No dia marcado, diante de 150 homens furiosos, Mukhtar pediu desculpas aos Mastói. O chefe da tribo ignorou seu pedido: “Ela está aí, façam o que quiserem”. A própria Mukhtar descreve o que se passou a partir de então: “Sou arrastada à força como uma cabra que vai ser abatida. Passo da noite externa para uma noite interna, em algum lugar fechado onde só a luz da Lua me permite ver os quatro homens. Nenhuma saída, nenhuma oração possível. Não sei quanto tempo durou essa tortura infame. Para aqueles animais, uma mulher não passa de um objeto de posse, de honra ou vingança. Eles sabem que uma mulher assim humilhada tem como único recurso o suicídio. Nem precisam usar armas. O estupro a mata”.
Após devolverem Mukhtar, expondo-a brutalizada e seminua diante de todo o seu clã, os Mastói retiraram a acusação contra seu irmão. Até aquele momento, nenhum homem havia sido legalmente punido por uma vingança ou crime de honra no Paquistão e, quando a justiça comum dava ganho de causa a uma mulher, não era raro ela ser assassinada. No entanto, apesar das ameaças, apesar das tentativas da polícia em distorcer seu depoimento, apesar da desgastante batalha judicial, Mukhtar conseguiu que seis agressores fossem presos e condenados: quatro pelo estupro e dois por incitação a ele, incluindo o chefe dos Mastói. Os réus apelaram e houve um novo julgamento em que, para indignação geral, todos foram inocentados. Mukhtar não teve dúvida: foi ao gabinete do primeiro-ministro e se recusou a sair de lá enquanto seus agressores não voltassem à prisão.

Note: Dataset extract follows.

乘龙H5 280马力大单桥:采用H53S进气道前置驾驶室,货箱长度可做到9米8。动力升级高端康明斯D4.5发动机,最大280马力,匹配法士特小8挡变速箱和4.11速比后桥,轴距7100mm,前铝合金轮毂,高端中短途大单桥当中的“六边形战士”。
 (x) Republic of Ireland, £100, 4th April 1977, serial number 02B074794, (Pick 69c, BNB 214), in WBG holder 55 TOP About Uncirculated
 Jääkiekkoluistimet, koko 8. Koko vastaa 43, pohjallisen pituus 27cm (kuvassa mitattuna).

Usando uma brecha na lei, ela ganhou mais uma batalha.
Mas nem tudo é horror na história de Mukhtar: sua tragédia possibilitou a realização de um sonho. Quando o governo lhe ofereceu uma indenização equivalente a US$ 8.500,00, ela reagiu, dizendo: “Não preciso de nenhum cheque, preciso de uma escola! Como as mulheres não estudam, elas são ensinadas a obedecer e a submissão passa de geração em geração. Temos de dar conhecimento às meninas”.

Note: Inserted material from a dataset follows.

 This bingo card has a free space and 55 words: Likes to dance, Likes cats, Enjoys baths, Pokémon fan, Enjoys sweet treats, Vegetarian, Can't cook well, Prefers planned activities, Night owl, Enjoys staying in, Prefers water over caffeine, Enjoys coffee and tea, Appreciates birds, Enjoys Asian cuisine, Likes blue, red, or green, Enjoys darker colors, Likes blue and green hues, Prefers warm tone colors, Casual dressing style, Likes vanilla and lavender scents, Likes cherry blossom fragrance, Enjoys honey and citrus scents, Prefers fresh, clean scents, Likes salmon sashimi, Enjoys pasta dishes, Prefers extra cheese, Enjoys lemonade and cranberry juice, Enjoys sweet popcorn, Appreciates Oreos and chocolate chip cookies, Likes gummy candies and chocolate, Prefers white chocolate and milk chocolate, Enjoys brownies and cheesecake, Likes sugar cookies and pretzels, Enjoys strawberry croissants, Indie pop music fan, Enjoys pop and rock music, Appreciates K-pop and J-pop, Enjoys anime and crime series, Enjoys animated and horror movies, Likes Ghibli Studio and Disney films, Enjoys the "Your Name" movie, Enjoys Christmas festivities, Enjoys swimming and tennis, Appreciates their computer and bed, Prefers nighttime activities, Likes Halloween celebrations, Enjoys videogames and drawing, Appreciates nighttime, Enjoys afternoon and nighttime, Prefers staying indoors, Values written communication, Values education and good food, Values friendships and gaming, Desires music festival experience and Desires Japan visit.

Hoje, a escola de Mukhtar é a única da região e atende 200 meninas e 150 meninos de várias tribos, de castas superiores e inferiores (até os filhos dos Mastói vão à escola regularmente). “Educar meninas é fácil, mas no caso dos meninos que nascem nesse mundo de brutamontes é uma empreitada mais difícil.” No início, Mukhtar precisou bater de porta em porta para convencer os pais a permitirem que as meninas freqüentassem a escola: foi assim que ela passou a ser chamada pelas alunas pequenas de Mukhtar Mai (grande irmã respeitada). “Meus alunos são as sementes de uma geração mais bem-educada, livre e pacífica entre homens e mulheres.” Previdente, ela optou por não depender da ajuda estrangeira ou do governo: construiu um estábulo e comprou cabras para que a escola se auto-sustentasse.

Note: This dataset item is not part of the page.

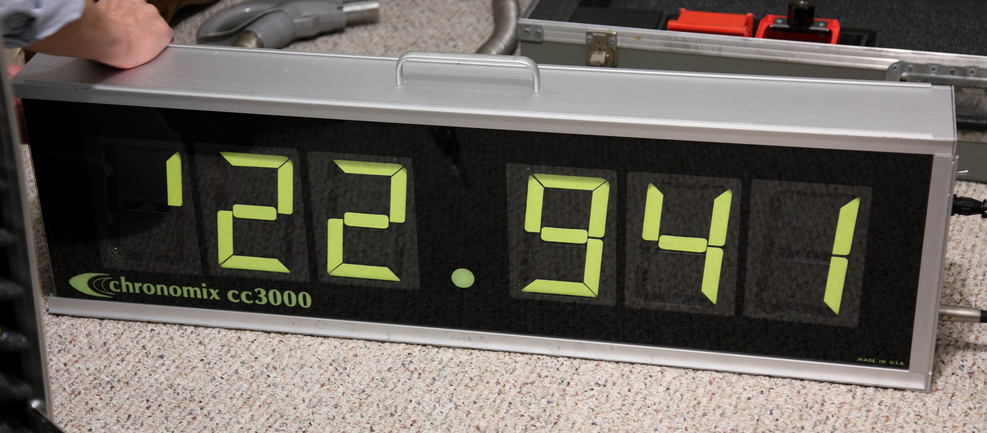 The Chronomix cc3000 race clock uses signalex flip digits. There are several versions of this old clock design. It may have five or six digits on a side. Some clocks are double sided, others are single sided. The glass face may be replaced to show the decimal point at different locations. AFAIK, all chronomix clocks use the six inch signalex digit.

Hoje, Mukhtar usa sua voz para incentivar aquelas que ainda permanecem no silêncio: “Eu tenho uma mensagem para todas as mulheres estupradas ou vítimas de violência. É preciso falar sobre o que houve e lutar por justiça”. Ela resume sua trajetória de mulher tímida e analfabeta a símbolo mundial e diretora da sua própria escola, em apenas uma frase: “Eu aprendi a existir”.